Computed tomographic angiography (CTA) is an important clinical diagnostic tool for the evaluation of vascular disorders and a well-known, accurate, noninvasive technique for the diagnosis of abdominal artery disorders [1]. Virtual angioscopy (VA) is a computer-generated simulation of endoscopic images derived from three-dimensional (3D) CT data sets [2, 3]. This technique allows exploration of the inner surfaces of the aorta and its branches.

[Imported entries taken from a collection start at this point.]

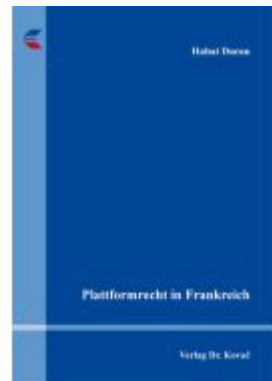
Plattformrecht in Frankreich Ladenpreis: 102,60EUR
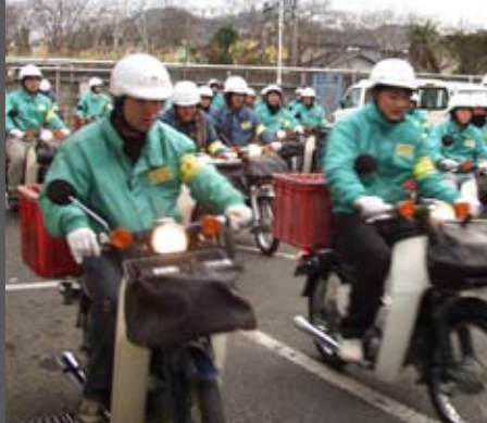
荒尾郵便局 今年は年賀状が何枚届くかな～
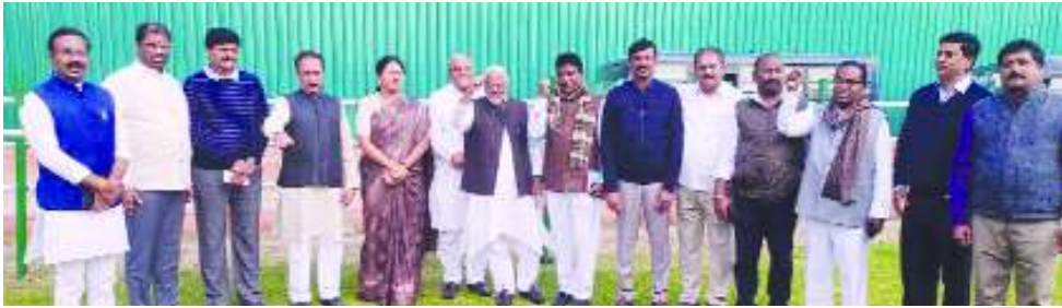
స్పృహిల్లీ, కెరటం స్పృహిల్లీ
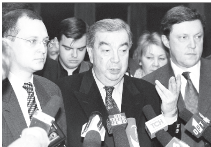
Акад. Евгений Примаков (в центре) отвечает на вопросы журналистов о мерах выхода из кризиса 1998 года

практически не давали кредита - по политическим соображениям. В отсутствие золотовалютных резервов не приходилось рассчитывать и на помощь МВФ. Примаков был хорошо знаком с японским премьером, и тот сначала предложил кредит по ставке плюс 0,5 пункта на 12-14 млрд долларов, а потом отказал. По всей видимости, из Вашингтона настоятельно рекомендовали не торопиться. Сегодня с кредитами не легче, и проблема не столько в санкциях, сколько в напряженной ситуации, в которой оказались экономики ведущих мировых центров.
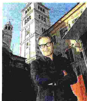
A sinistra Massimo Cacciari, sopra Massimo Recalcati e a destra una gremitissima piazza di Modena
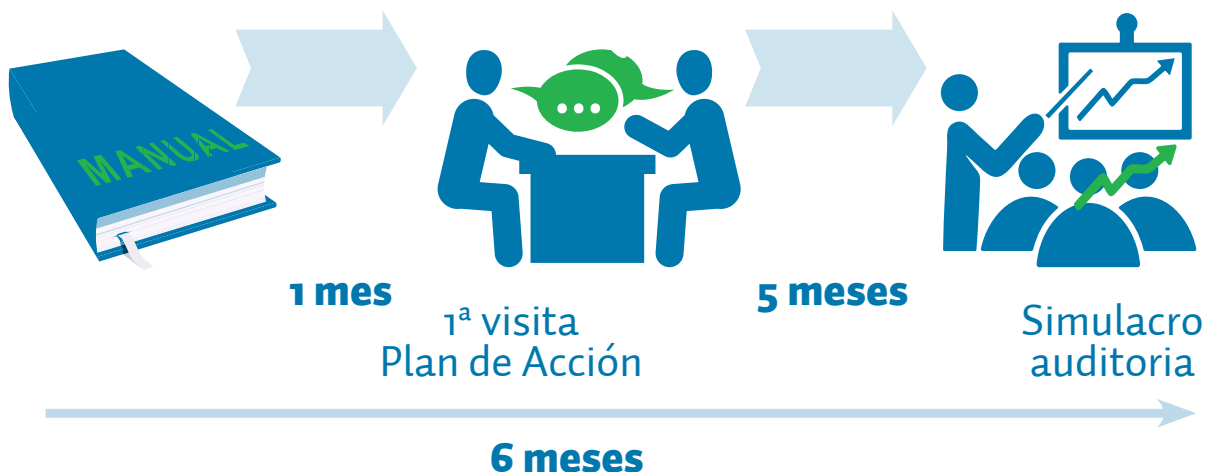
Figura 1: Proceso de consultoría
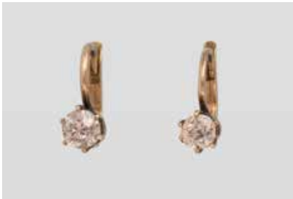
68 | PAAR DIAMANT-OHRHÄNGER Gelbgold. L. 1,0 cm, Ges.-Gew. ca. 1,5 g. Brisur geprüft 14 K. Jeweils ein Diamant im Altschliff, zusammen ca. 0,60 ct. Minimale Tragespuren. € 360,-
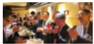
～～～ 12月7日（於：月忠） ～～～

This information can be helpful in the evaluation of different pathologic entities and in some cases can add important useful details for the final diagnosis.

We evaluated the feasibility and clinical value of this application in the assessment of the abdominal vessels.

Material and methods

We retrospectively reviewed CTA data sets from 300 patients (235 male, 65 female; age range 21–84 years) imaged for the study of the aorta or its branches.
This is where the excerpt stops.